There are many reasons why the Carnivore Diet is so effective for weight loss. Firstly, you’re eating mainly protein and fat, which provide satiety and it eliminates mindless eating.
Additionally, you’re more than likely to switch into ketosis on this diet. When you’re in ketosis, your body is burning fat for fuel, rather than carbohydrates. So your body will essentially use the extra fat you’re carrying on your body to give you energy!
There are several myths and common concerns regarding this diet:
“Too much meat can cause kidney problems.” This is more of a concern for people who have preexisting kidney conditions. If you are going into this with strained kidneys or kidney disease, then your filtration system is already impaired and higher amounts of protein may be an issue. But if your kidneys are healthy, then the protein should be just fine!

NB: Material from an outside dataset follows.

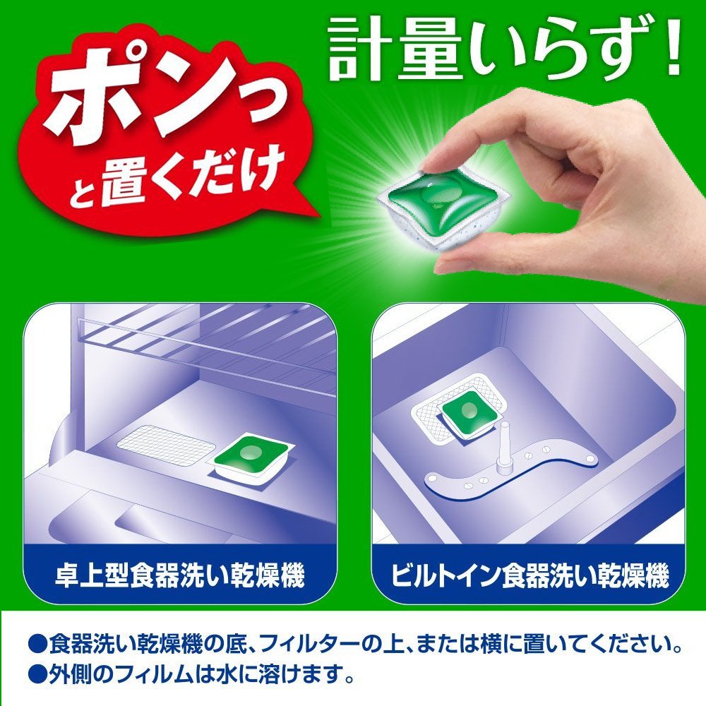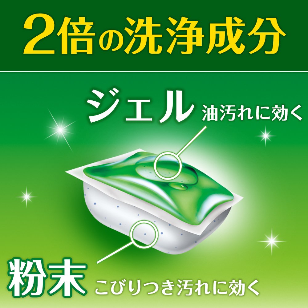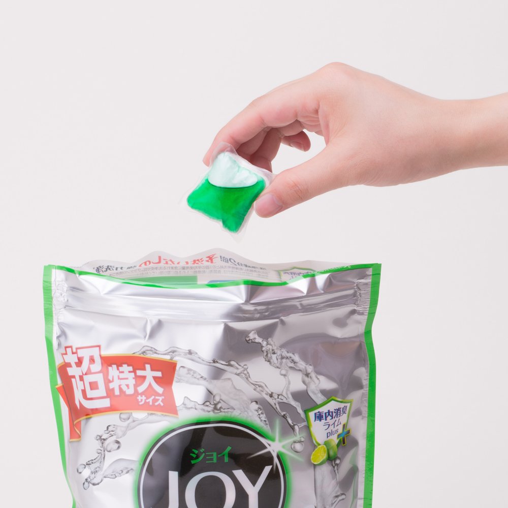 超特大サイズ 食洗機用洗剤ジョイジェルタブ ジェルと 粉末、 洗浄成分2倍。予洗いなしの強力洗浄* ポンっと入れるだけ、1粒で3つの効果、強力洗浄、庫内洗浄、除菌。 庫内消臭ライムplus 配合、庫内までスッキリ。除菌、 消臭、 輝き。 酵素配合 食器洗い乾燥機専用 (洗碗机) しつこい油汚れに浸透して落とすジェルxこびりつき汚れを分解してピカピカにする粉末、ガンコな汚れもしっかり落とす。 魚焼きグリルの油汚れ、カレーの色汚れ、ごはん粒や卵のこびりつき、庫内までピカピカ。 ニオイもすっきり。 *当社他食器洗い乾燥機用洗剤との1回の平均使用量に含まれる洗浄成分比。グラタンの焼きつき、鍋の焦げつき、茶碗蒸し、口紅などの汚れは、食器洗い乾燥機に入れる前に取り除いてください。 * 各メーカー、全てのタイプの食器洗い乾燥機に使えます パナソニック、リンナイ、象印、三菱電機など

“Eating only meat causes scurvy.” A common misconception is that eating only meat can cause vitamin deficiencies. First of all, meat does contain small amounts of vitamin C. Secondly, in a carbohydrate diet, we only require 10 mg/day of vitamin C to prevent scurvy. What’s more— research shows when on an all-meat diet, we require even less vitamin C to stay healthy.
“Won’t you get super constipated?” Those on the Carnivore Diet have reported that, although it may take a week or so for your body to adjust, this diet does wonders for their colon and bowel movement regulation!
“Isn’t meat bad for you?” Please read our article on red meat’s supposed link to cancer. Essentially, the study that went viral was sensationalized, and there were a lot of factors that were overlooked. It is my firm belief that grass-fed, organic, free-range meats are healthy for you, no matter what diet you’re on! Quality matters.
If you decide to try the Carnivore Diet, be sure to choose fatty cuts, and don’t be stingy with the salt! Follow your intuition- if you want to throw a slab of butter on top of your steak, or want to choose the fattiest meat cuts you can find- do so! Don’t start this diet primarily to lose weight, and then start counting calories. Your body requires fat and plenty of electrolytes to stay healthy. If you skimp on the salt, you will notice. Headaches will probably be your first clue! Additionally, be sure to drink plenty of high-quality water (filtered water, or spring water if it’s available!). You might even consider sprinkling some salt into your water to keep yourself hydrated.
As we’ve noted, people with chronic illnesses and autoimmune diseases are among the finest candidates for the Carnivore Diet. If you have been suffering from undetermined food intolerances, you might consider the carnivore diet as a short-term elimination diet to uncover your trigger foods.
Anyone with kidney disease or eating disorders should think twice before diving into the Carnivore Diet. We advise anyone considering this way of eating talk to a functional medicine practitioner to better advise on an individual-basis.